Sementara Rusia telah secara resmi mengumumkan komisioning rudal hipersonik baru yang dikenal sebagai Kh-47M2 "Kinjhal", militer China juga mengembangkan konsep yang sama rudal hipersonik.

Berita itu pertama kali diungkap pada awal Maret oleh Letnan Jenderal Robert Ashley, direktur Badan Intelijen Pertahanan AS, dalam kesaksiannya di hadapan senat Komite Angkatan Bersenjata AS tentang ancaman terhadap keamanan nasional AS.

Ashley mengatakan dalam pidatonya bahwa Angkatan Roket China memperkuat kemampuan konvensional dan nuklirnya untuk secara akurat menyerang target ke Guam, yang merupakan pangkalan militer AS utama di Pasifik barat. 'dengan kedua type rudal balistik anti-kapal DF-21 (pada kenyataannya DF-21D) dan juga rudal jarak jauh DF-26.

Sama seperti "Kinjhal" milik Rusia yang pengembangannya didasarkan pada rudal balistik Rusia darat-ke-darat 9M723, diperkirakan bahwa insinyur rudal CASIC China telah mengadopsi pendekatan yang sama, untuk mengurangi pengembangan siklus, berdasarkan desain "CH-AS-X-13" pada rudal balistik jarak menengah DF-21, dan lebih khusus AShBM DF-21D jika rudal baru ini memang dimaksudkan untuk mencapai target menghancurkan kapal besar di laut.

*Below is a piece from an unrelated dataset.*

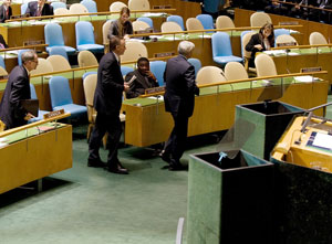 تبنى مجلس الأمن الدولي أمس الخميس بإجماع أعضائه خلال جلسة استثنائية برئاسة الرئيس الأمريكي باراك اوباما قراراً يدعو فيه إلى إرساء عالم خال من الأسلحة النووية. وخاطب اوباما سائر أعضاء المجلس ألـ 14 قائلاً (من غير الممكن كسب حرب نووية ويجب بالتالي ألا تقع). ويدعو القرار 1887 الذي أعدته الولايات المتحدة الدول التي وقعت معاهدة منع انتشار الأسلحة النووية (تي ان بي) للوفاء بالتزاماتها والدول الأخرى للانضمام إليها في أسرع وقت بصفتها دولاً لا تملك سلاحاً نووياً بهدف تعميم ذلك في كل أنحاء العالم. ووقعت المعاهدة 189 دولة باستثناء إسرائيل وباكستان والهند.. أما كوريا الشمالية فقد تخلت عن المعاهدة في 2003. كما تبنى قادة الدول الكبرى وعلى رأسهم الرئيسان الأمريكي باراك اوباما والفرنسي نيكولا ساركوزي موقفاً حازماً حيال البرنامج النووي الإيراني وحذر اوباما في خطابه أمام أكثر من 120 رئيس دولة وحكومة من ان إيران وكوريا الشمالية تهددان بجر العالم إلى منزلق خطير. وتزامن موقف الدول الكبار في مجلس الأمن مع خطاب مثير للجدل للرئيس الإيراني محمود احمدي نجاد في الجمعية العامة للأمم المتحدة بنيويورك. وقد غادرت وفود 12 بلداً يتصدرها الوفد الفرنسي وبينها الوفد الأمريكي أمس القاعة الكبرى للجمعية العامة احتجاجا على خطاب نجاد الذي اعتبر معادياً للسامية. وغادرت وفود الأرجنتين واستراليا وبريطانيا وكوستا ريكا والدنمارك وفرنسا وألمانيا والمجر وإيطاليا ونيوزيلندا وأمريكا القاعة حين بدأ نجاد انتقاد إسرائيل.
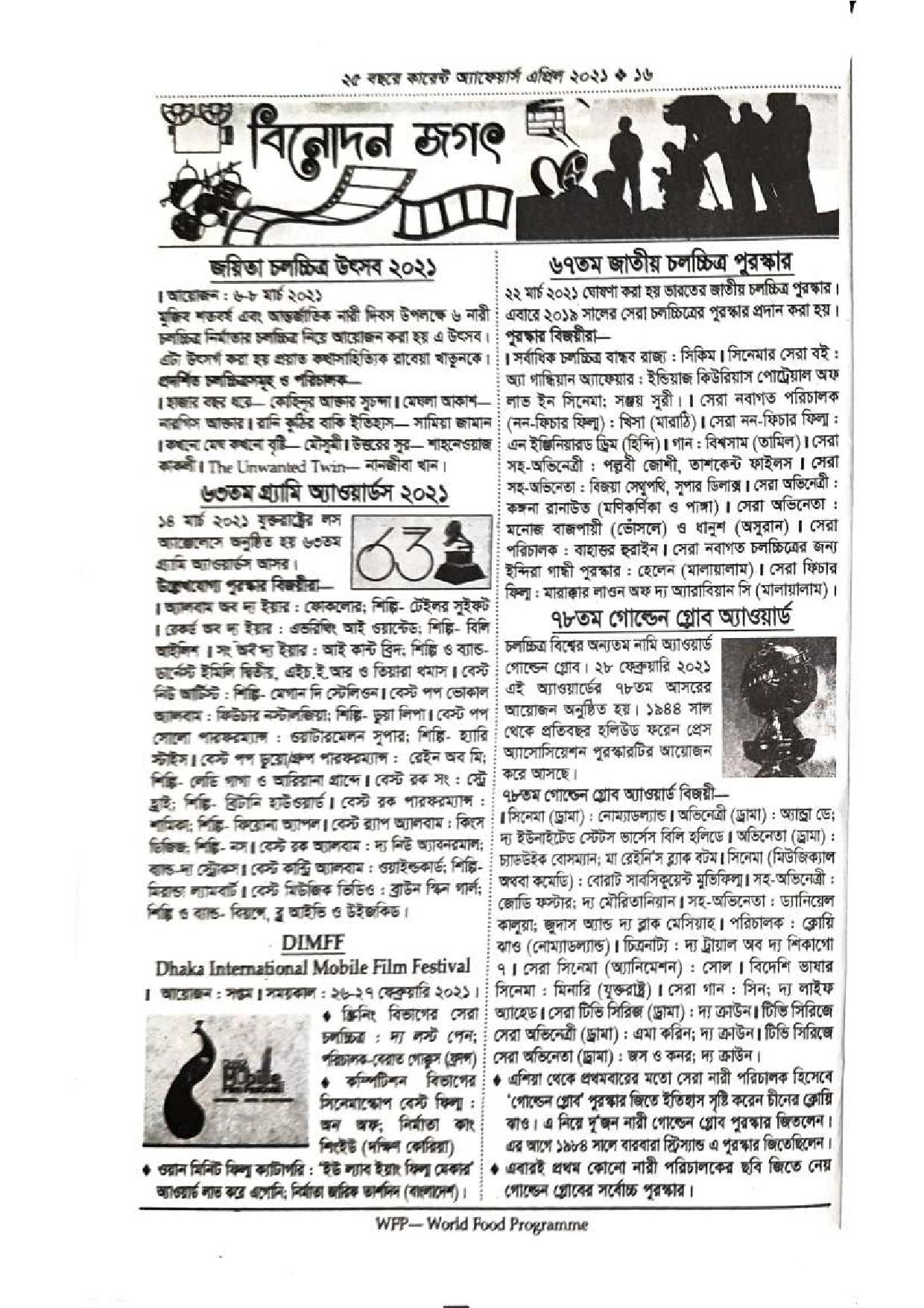 | কারেন্ট অ্যাফেয়ার্স এপ্রিল ২০২১ পিডিএফ | ডাউনলোড |

Mengingat ukuran yang relatif besar dari DF-21 / DF-21D, yang berdiameter 1,4 meter dan panjang 10,7 meter, tidak mengherankan bahwa China perlu merancang platform yang lebih besar untuk mengangkut dan meluncurkan rudal baru.

Adapun perkiraan kisaran 3.000 km untuk "CH-AS-X-13" dibanding sekitar 1.500 km untuk DF-21D.

0 komentar:

Post a Comment

Terima Kasih atas Komentar anda.
Thanks for your Comments.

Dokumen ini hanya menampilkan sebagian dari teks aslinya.